East & Partners

Chinese Share of US Imports Halves to 9% – DHL

(12 March 2026 – China) DHL reports the share of US imports sourced from China in 2025 decreased to nine percent, the lowest level since 2006 in the wake of President Donald Trump’s tariffs.

China increased exports to non-US markets last year, notably African and Southeast Asian countries such as Vietnam. The share of US imports sourced from China fell to nine percent, down from 13 percent in 2024 and less than half the peak of 22 percent in 2017 according to DHL.

Citi reports that US import growth is stronger from nearly every region except China. This underscores a broad US diversification away from direct Chinese sourcing. Increased imports from ASEAN, India, Vietnam, Mexico, Korea, and Japan point to a wide reconfiguration of supply chains.

The World Trade Organisation (WTO) reports that investment in artificial intelligence (AI) infrastructure underpinned resurgent global trade in goods such as semiconductors and data transmission equipment. Trade in AI-related goods is expanding rapidly amid a race to build data centre capacity, driving 42 percent of goods trade growth over the first three quarters of 2025.

Global goods trade is projected to expand at an average annual rate of 2.6 percent through 2029, in line with the past decade. Bank economists predict that elevated inflation will persist through at least the middle of 2026, driven partly by an anticipated surge in oil prices as a result of the US/Israel war with Iran in the Middle East.

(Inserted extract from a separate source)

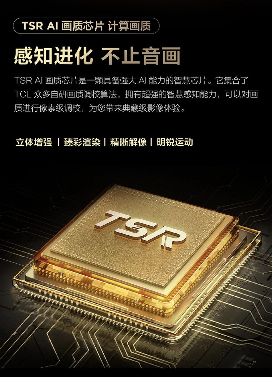 蝶翼华曜屏与万象分区的有机组合,为TCL C12K奠定了卓越画质的基础,而全新升级的TSR AI独立画质芯片,则为其画质注入灵魂。该芯片基于TCL自研伏羲AI大模型开发,融合了TCL强大的AI能力,并采用云端-终端协同架构,让流媒体上1080P以下的视频,也能够以接近4K超清的方式重新呈现,为用户带来实实在在的收益。

“Trade is like water, it will always find a way. It will flow in different directions. People are out there going for commercial deals, mini trade deals, formal trade deals. Trade ministers are flying to countries they’ve never flown to before” commented DHL Express CEO John Pearson.

“Last year’s trade figure, which is based on data for the first three quarters, is even below the level when China entered the WTO in 2001. Still, there is no clear declining trend in US reliance on shipments from China when considering Chinese inputs in goods imported from third countries. While there is much less direct trade between the US and China, indirect trade has maintained a substantial amount of interdependence between those two economies” stated DHL Initiative on Globalisation Director at NYU, Steven Altman.

“Overall, global trade volume grew faster in 2025 than in any year since 2017, excluding the volatile pandemic period, partially because US buyers rushed to import goods ahead of tariff hikes” Altman added.